> _WHAT THE TASK ASKS_
In the material below, pictures must be dropped. Repeat exactly, and only, the lines from the line with "This customizable shortcut" to the line with "Marca: VonderConteúdo da", both ends included.

> _EXTRACTED MATERIAL_
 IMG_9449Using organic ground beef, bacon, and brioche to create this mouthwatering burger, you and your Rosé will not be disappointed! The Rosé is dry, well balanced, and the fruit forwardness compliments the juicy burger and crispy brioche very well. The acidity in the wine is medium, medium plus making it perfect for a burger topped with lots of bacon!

--

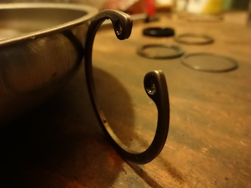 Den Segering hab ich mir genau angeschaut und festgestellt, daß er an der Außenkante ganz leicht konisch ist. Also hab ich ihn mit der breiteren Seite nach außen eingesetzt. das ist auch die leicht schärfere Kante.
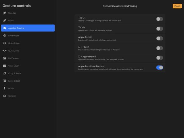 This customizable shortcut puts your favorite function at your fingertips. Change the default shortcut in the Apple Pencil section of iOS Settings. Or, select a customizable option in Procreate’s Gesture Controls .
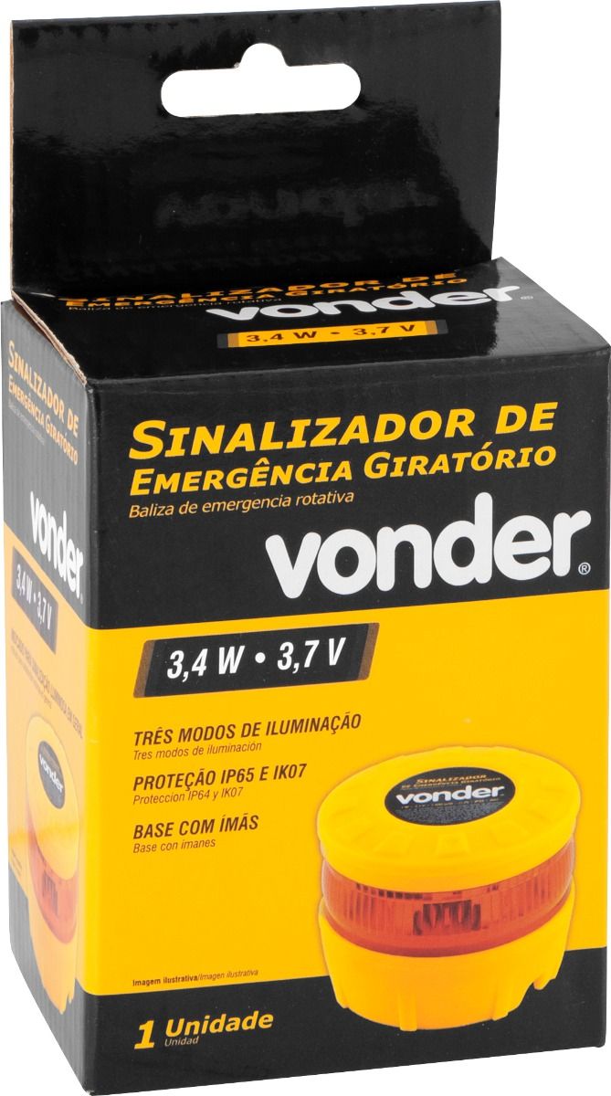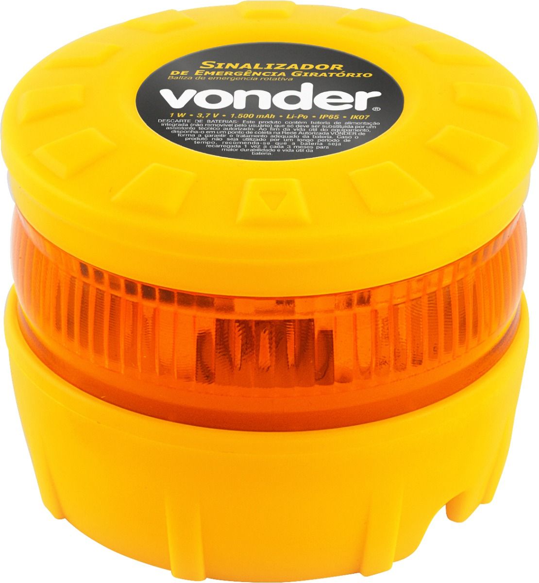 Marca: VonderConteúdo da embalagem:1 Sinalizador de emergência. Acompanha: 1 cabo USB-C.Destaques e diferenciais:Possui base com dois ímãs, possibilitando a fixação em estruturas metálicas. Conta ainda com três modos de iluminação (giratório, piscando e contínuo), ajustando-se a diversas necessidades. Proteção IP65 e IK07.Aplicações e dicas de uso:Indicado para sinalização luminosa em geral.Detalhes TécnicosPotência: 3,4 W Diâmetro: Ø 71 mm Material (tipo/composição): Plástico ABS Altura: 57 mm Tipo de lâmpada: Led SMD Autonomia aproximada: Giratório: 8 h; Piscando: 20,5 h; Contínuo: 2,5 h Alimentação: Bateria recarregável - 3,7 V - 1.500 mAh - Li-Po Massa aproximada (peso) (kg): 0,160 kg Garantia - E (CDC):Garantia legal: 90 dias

> _WRITTEN SOLUTION_
 This customizable shortcut puts your favorite function at your fingertips. Change the default shortcut in the Apple Pencil section of iOS Settings. Or, select a customizable option in Procreate’s Gesture Controls .
 Marca: VonderConteúdo da embalagem:1 Sinalizador de emergência. Acompanha: 1 cabo USB-C.Destaques e diferenciais:Possui base com dois ímãs, possibilitando a fixação em estruturas metálicas. Conta ainda com três modos de iluminação (giratório, piscando e contínuo), ajustando-se a diversas necessidades. Proteção IP65 e IK07.Aplicações e dicas de uso:Indicado para sinalização luminosa em geral.Detalhes TécnicosPotência: 3,4 W Diâmetro: Ø 71 mm Material (tipo/composição): Plástico ABS Altura: 57 mm Tipo de lâmpada: Led SMD Autonomia aproximada: Giratório: 8 h; Piscando: 20,5 h; Contínuo: 2,5 h Alimentação: Bateria recarregável - 3,7 V - 1.500 mAh - Li-Po Massa aproximada (peso) (kg): 0,160 kg Garantia - E (CDC):Garantia legal: 90 dias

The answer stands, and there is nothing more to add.